About the Author


Patricia Klindienst, Author, Photograph by Johanna Resnick Rosen, Candid Eye

Writer, teacher, scholar, and public speaker, Patricia Klindienst has made the American immigrant experience her subject for more than a decade.

After earning degrees from Hampshire College, Boston University, and Stanford University, she began her career as an interdisciplinary scholar at Yale, publishing ground-breaking feminist re-interpretations of classical myths and biblical stories, including “The Voice of the Shuttle Is Ours,” “Ritual Work on Human Flesh: Livy’s Lucretia and the Rape of the Body Politic,” and “‘Intolerable Language’: Jesus and the Woman Taken in Adultery.” An award-winning scholar and teacher, she left the profession and began to write for a broader audience.

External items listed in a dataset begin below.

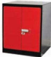
DOUBLE DOOR PEDESTAL

Perfect as stand-alone units or as supports for workbenches. These versatile all-welded heavy-duty modules are available in multiple sizes and configurations and provide ample storage for tools.
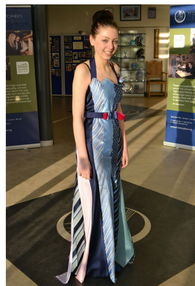
Above images taken from www.rootandshoots.org with permission

From left to right we have, a dress made from ties donated by actor Colin Firth who supports Roots and Shoots in the UK, dresses made from newspapers and magazines and a waistcoat made from bicycle inner tubes with shorts made from mail sacks.
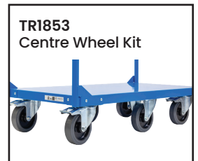
TR1853 Centre Wheel Kit

Her first book of nonfiction, THE EARTH KNOWS MY NAME, tells the stories of fifteen ethnic Americans who transmit their cultural heritage through their gardens. Praised by readers as diverse as Dr. Jane Goodall and Barry Lopez, Klindienst’s eloquent and passionate rendering of the voices of ethnic peoples has been called “An original and exemplary kind of cultural study” by Geoffrey Hartman, Sterling Professor Emeritus of English and Comparative Literature and co-founder of the Fortunoff Video Archive for Holocaust Testimony at Yale, who characterizes her book as “…essential reading for anyone seriously interested in the growing reality that an ancient ecological relationship, imaginative and religious in its intensity, is slipping away.”

She received an American Book Award for 2007.

Her new project is a traveling exhibit of the same title, NO ONE REMEMBERS ALONE: MEMORY, MIGRATION, AND THE MAKING OF AN AMERICAN FAMILY. Beginning with the story of two young lovers, Abram and Sophie, who fled Czarist Russia following the failed revolution of 1905, the exhibit recreates the migration story of an entire family of Russian Jews scattered across three continents. Drawn from hundreds of archival photographs, postcards, and documents entrusted to her by dozens of family members, NO ONE REMEMBERS ALONE opened at the Yiddish Book Center in Amherst, Massachusetts, then traveled to the Slifka Center for Jewish Life at Yale. It travels next to the Holocaust Memorial Resource & Research Center of Florida.

A book with the same title is in the works.

Selections from Abram & Sophie’s story are now part of the permanent exhibition in THE RED STAR LINE MUSEUM, which opened on the docks of Antwerp in 2013. Their story is also included in the RED STAR LINE DOCUMENTARY FILM and a traveling exhibition, VIA ANTWERP: THE ROAD TO ELLIS ISLAND, at the ELLIS ISLAND IMMIGRATION MUSEUM from May 26 through September 4, 2016.

Patricia lives in Guilford, Connecticut with her husband, Louis Mackall.